BY CATHERINE TSAI
The Cincinnati Enquirer
COVINGTON -- On a rare night when Tammy Wagner's family was all in one place, her nightmare began.
Sunday, she went to her sister's apartment in Covington to pick up her brother's and sister's children for vacation Bible school. Minutes later, a man waving two guns pushed his way in, tied up five adults and left the sixth -- her sister's husband, Paul Smith -- untied with a gun to his head, Mrs. Wagner said.
The siblings' six children, ages 5 to 13, were not tied, but the man put a gun to the head of Mrs. Wagner's 13-year-old son.
"He threatened to kill someone if anyone moved or did something wrong," Mrs. Wagner said. "He had a gun pointed at someone at all times."
Even after a man was arrested Sunday in connection with that robbery and three other similar weekend break-ins, Mrs. Wagner still hears her 13-year-old cry in the night.
"It's just begun when it's over," she said.
The robbery of Mrs. Wagner's extended family was the last of four similar crimes that happened before police arrested a suspect, Samuel Carter, 18, in Cincinnati on Sunday.
The events described by Mrs. Wagner mimic a break-in early Sunday in which the suspect ordered a victim to tie everyone else while he rounded up valuables.
Mrs. Wagner said that minutes after she, her two children and husband arrived at her sister's third-floor apartment at 1551 Maryland, her sister-in-law, Melissa Reynolds, answered a knock at the door.
All the spouses and children of Mrs. Wagner's brother and sister were in the apartment.
The man pushed Mrs. Reynolds aside, told everyone to get on the floor and told Mr. Smith at gunpoint to tie the adults with surgical tape.
The suspect also turned his gun on Mrs. Wagner's son, telling him to grab a telephone cord so he could tie his parents, Mrs. Wagner said.
The suspect told his victims he wanted to buy "powder," which the family said they didn't realize meant cocaine.
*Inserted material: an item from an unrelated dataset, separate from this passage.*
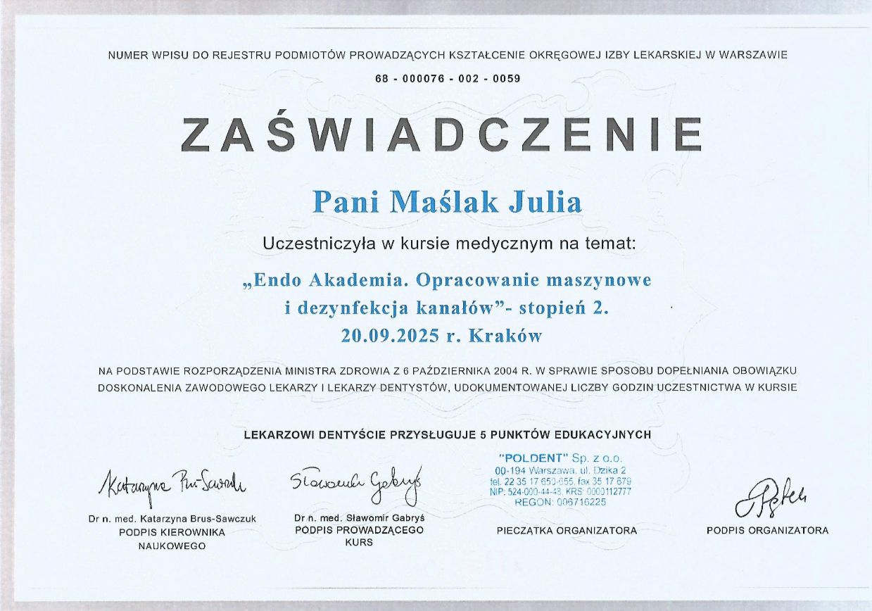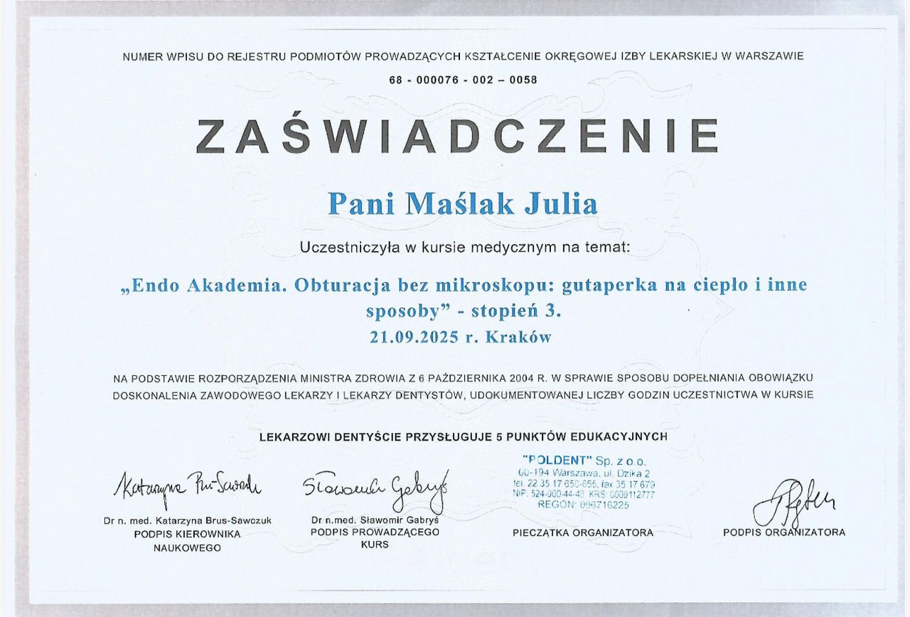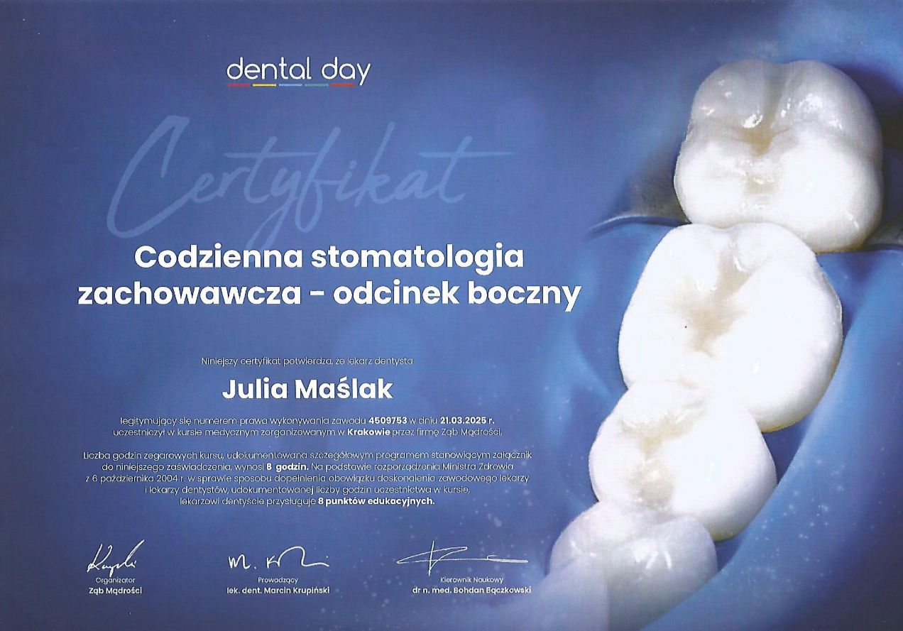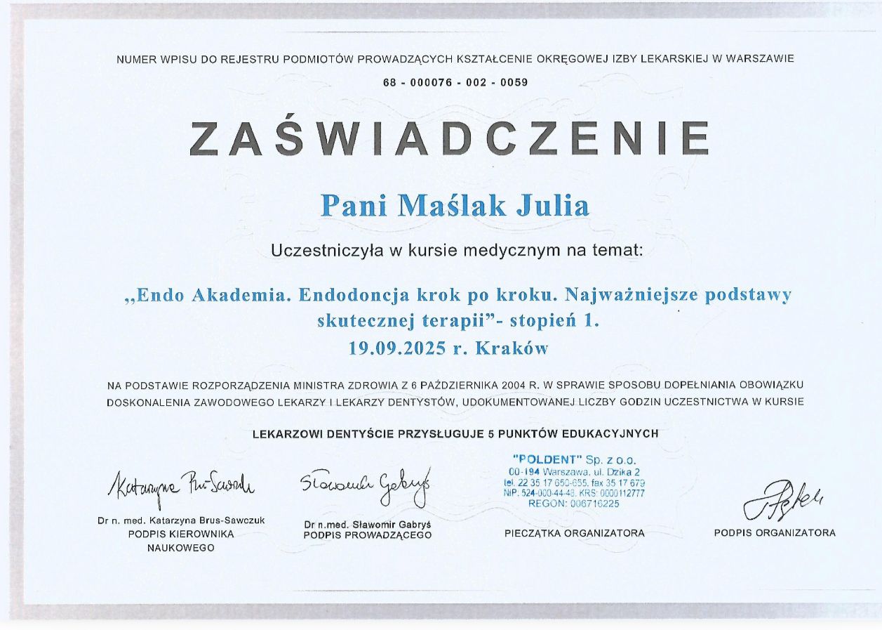 Umów się na przegląd klasy Premium u dr Julii Maślak.

Mrs. Reynolds said the suspect was calm and collected at first but got angry when no one gave him more than $15. He took Mr. Wagner's wallet and said he'd hit the Wagners' house next.
Before it ended, the suspect took Mr. Smith to a back room with both guns pressed to Mr. Smith's back and head, asking for more money.
Mr. Smith said the suspect also took him to the second floor to ask for money, but no one there heard Mr. Smith's intentionally light knock.
The suspect wanted Mr. Smith to drive Mr. Wagner's car away with him, but Mr. Smith said he pointed to a man up the road, saying he was a retired cop from whom the suspect needed to escape.
After the suspect left, Mr. Smith said, his family called police. The adults had already started removed the surgical tape.
"I was shaken up pretty bad," Mr. Smith said. "The tears wanted to come, but they wouldn't. I was so angry. There's still a lot of hostility, and it'll always remain there."
The family says the robbery left behind fear, children's nightmares and the Smiths' unwillingness to return to Covington.
"It's not fair to have to live life terrified," Mrs. Wagner said.